*** Opening of The records ***

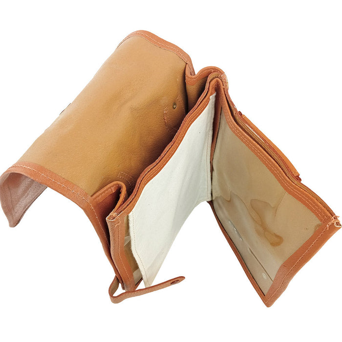 Made from robust artificial leather, these Hungarian map bags are a handy retro piece. Under the lid are pockets for pens, extra bits and behind this is a clear, fold out map window. This window is protected on one half by a cloth and this acts as a nice interleaf for the vinyl and you could wipe away any mystery mud or rain too. Behind this map window is a compartment to store more goods, spare maps - whatever you like. Through ergonomic design, the body is expandable and lid accommodates some extra width from cramming contents in. To carry this guy around it has a detachable, adjustable shoulder strap. These seem to have been in storage for quite some time - the exteriors may have some gunk which appears to wipe off, some cloths are a bit discoloured and the interiors are a little stiff but appear unused. A retro looking day bag for stationary, bookworms, luddite travellers, oldschool geoscientists and naturalists, small electronics, or a piece for a Hungarian collector.
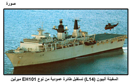 السفينة ألبيون (L14) تستقبل طائرة عمودية من نوع EH101 ميرلين
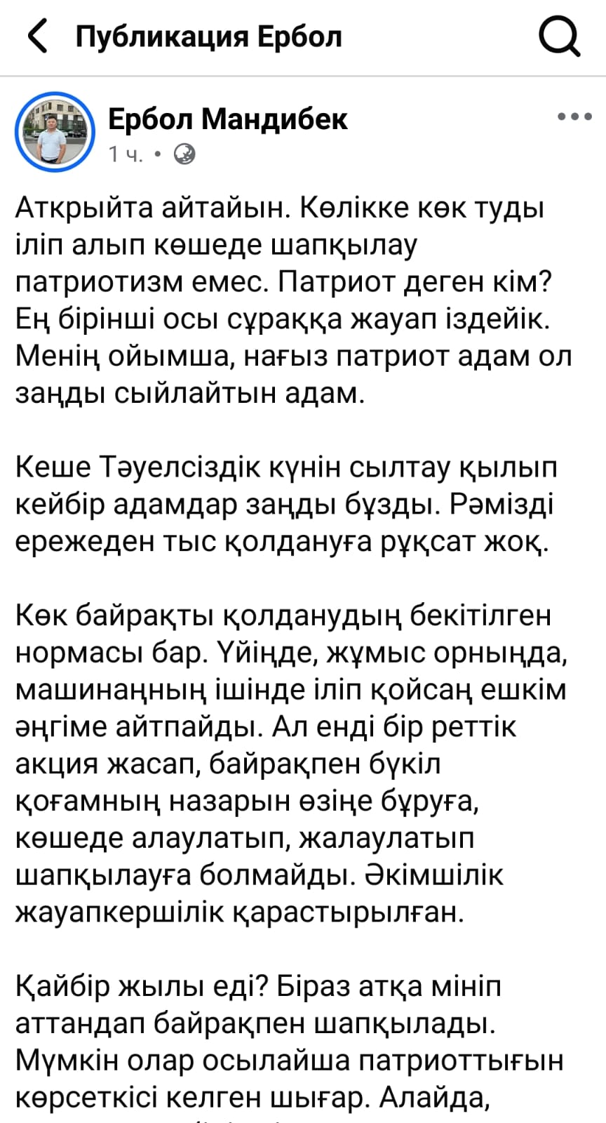 Танымал журналист Ербол Мәндібек 16 желтоқсанда көліктеріне көк туды іліп, отансүйгіштігін паш еткендерге қатысты "бұл патриотизм емес" дегенге саятын жазба жариялап, сынға қалды деп жазады Democrat.kz.
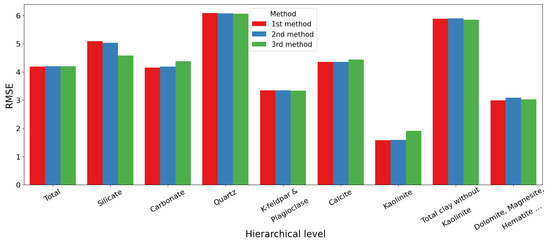 In the following, the results of the development of ML models for each method are presented through the average prediction errors and through the hierarchical balance error. The results of different hierarchical levels and different methods were compared with the root-mean-squared error of the prediction () value, which indicates the accuracy of each estimate. At the first level, the third method performed the best for silicate ( = 4.577%), and the first method was the best ( = 4.154%) for carbonate, but here, the balance error was not met. The most significant difference is seen between the kaolinite values at the two levels, where the first method performed the best ( = 1.584%), but in this case, the balance errors were not met either.
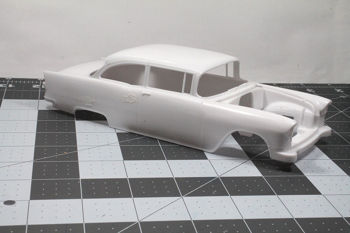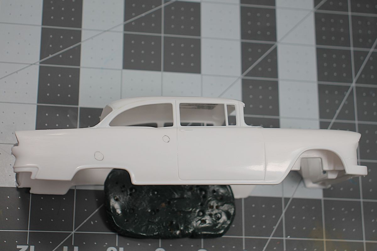 jonwinn Posted November 16, 2022 Author Share Posted November 16, 2022 I have a start on this. I sanded the Bel Air molding off the body and added the hood scoop. I am going to make a Chevrolet model 150 Utility Sedan converted into a street rod. Chevrolet had 3 models in '55, the basic model 150 bare bones car, the model 210 with ash trays and rugs, then the Bel Air which was called the "mini Cadillac" with a lot of "bells and whistles". I am using the kit 265 cu. in. small block V8 with the crossover exhaust as I do not want to attempt to sand the molded in single exhaust off the chassis. Here is where I am at, engine done and body ready for a first coat of paint. Quote Link to post Share on other sites
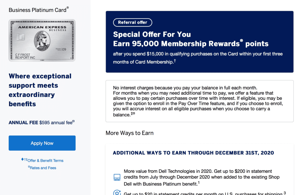 - American Express Business Platinum card also offers a $20 per month credit for both wireless and shipping purchases until December 31, 2020 as well.
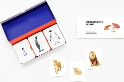 In diesen fünfzehn Tierfamilien gibt es einige schwarze Schafe und hässliche Entlein – warum nur sehen sienicht alle gleich aus? Wer weiß, welche drei jeweils zu einer Familie gehören und kann sich auch noch merken, wo die entsprechenden Karten lagen? Das beste Gedächtnis gewinnt! Das etwas andere Memo, bei dem man das passende Trio finden muss Drei Tiere derselben Familie, zwei sehen sich ähnlich, doch das dritte fällt aus der Reihe Enthält ein Booklet, das erklärt, warum die Tiere nicht alle gleich aussehen

*** Close of The records ***

• **Assignment**
Print every entry exactly as written, without the pictures.

• **Task solution**
 Made from robust artificial leather, these Hungarian map bags are a handy retro piece. Under the lid are pockets for pens, extra bits and behind this is a clear, fold out map window. This window is protected on one half by a cloth and this acts as a nice interleaf for the vinyl and you could wipe away any mystery mud or rain too. Behind this map window is a compartment to store more goods, spare maps - whatever you like. Through ergonomic design, the body is expandable and lid accommodates some extra width from cramming contents in. To carry this guy around it has a detachable, adjustable shoulder strap. These seem to have been in storage for quite some time - the exteriors may have some gunk which appears to wipe off, some cloths are a bit discoloured and the interiors are a little stiff but appear unused. A retro looking day bag for stationary, bookworms, luddite travellers, oldschool geoscientists and naturalists, small electronics, or a piece for a Hungarian collector.
 السفينة ألبيون (L14) تستقبل طائرة عمودية من نوع EH101 ميرلين
 Танымал журналист Ербол Мәндібек 16 желтоқсанда көліктеріне көк туды іліп, отансүйгіштігін паш еткендерге қатысты "бұл патриотизм емес" дегенге саятын жазба жариялап, сынға қалды деп жазады Democrat.kz.
 In the following, the results of the development of ML models for each method are presented through the average prediction errors and through the hierarchical balance error. The results of different hierarchical levels and different methods were compared with the root-mean-squared error of the prediction () value, which indicates the accuracy of each estimate. At the first level, the third method performed the best for silicate ( = 4.577%), and the first method was the best ( = 4.154%) for carbonate, but here, the balance error was not met. The most significant difference is seen between the kaolinite values at the two levels, where the first method performed the best ( = 1.584%), but in this case, the balance errors were not met either.
 jonwinn Posted November 16, 2022 Author Share Posted November 16, 2022 I have a start on this. I sanded the Bel Air molding off the body and added the hood scoop. I am going to make a Chevrolet model 150 Utility Sedan converted into a street rod. Chevrolet had 3 models in '55, the basic model 150 bare bones car, the model 210 with ash trays and rugs, then the Bel Air which was called the "mini Cadillac" with a lot of "bells and whistles". I am using the kit 265 cu. in. small block V8 with the crossover exhaust as I do not want to attempt to sand the molded in single exhaust off the chassis. Here is where I am at, engine done and body ready for a first coat of paint. Quote Link to post Share on other sites
 - American Express Business Platinum card also offers a $20 per month credit for both wireless and shipping purchases until December 31, 2020 as well.
 In diesen fünfzehn Tierfamilien gibt es einige schwarze Schafe und hässliche Entlein – warum nur sehen sienicht alle gleich aus? Wer weiß, welche drei jeweils zu einer Familie gehören und kann sich auch noch merken, wo die entsprechenden Karten lagen? Das beste Gedächtnis gewinnt! Das etwas andere Memo, bei dem man das passende Trio finden muss Drei Tiere derselben Familie, zwei sehen sich ähnlich, doch das dritte fällt aus der Reihe Enthält ein Booklet, das erklärt, warum die Tiere nicht alle gleich aussehen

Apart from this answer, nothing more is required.